Problem to work on
All the entries need to be quoted exactly, apart from the pictures, which you should drop.

Dataset entries:

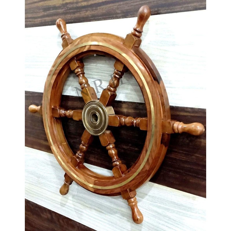 • Steering Wooden Ship Wheel With Brass Ring & Hub
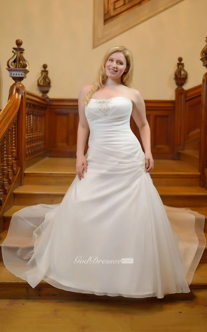 Mermaid Floor-Length Strapless Sleeveless Satin Court Train Side Draping Dress
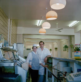 G.B. ENGLAND. Margate. A portrayal of a traditional English seaside resort. Kingfisher restaurant. The last day for George and Chrystalla GEORGIO who have owned the restaurant since 1961. 2002.
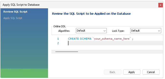 CREATE SCHEMA? That is the SQL script that was automatically generated by Workbench when you clicked Apply. This is important because changes to your database won't happen until that code runs. -
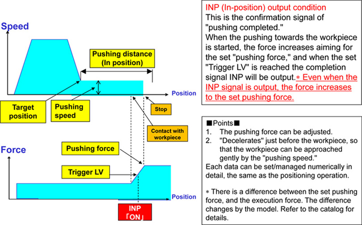 Thrust operation involves moving from 'the target position' with 'thrust speed' through 'acceleration' ⇒ 'constant speed' ⇒ 'deceleration' and thrusting in contact with the thrust object with the target thrust force.

Task output
 • Steering Wooden Ship Wheel With Brass Ring & Hub
 Mermaid Floor-Length Strapless Sleeveless Satin Court Train Side Draping Dress
 G.B. ENGLAND. Margate. A portrayal of a traditional English seaside resort. Kingfisher restaurant. The last day for George and Chrystalla GEORGIO who have owned the restaurant since 1961. 2002.
 CREATE SCHEMA? That is the SQL script that was automatically generated by Workbench when you clicked Apply. This is important because changes to your database won't happen until that code runs. -
 Thrust operation involves moving from 'the target position' with 'thrust speed' through 'acceleration' ⇒ 'constant speed' ⇒ 'deceleration' and thrusting in contact with the thrust object with the target thrust force.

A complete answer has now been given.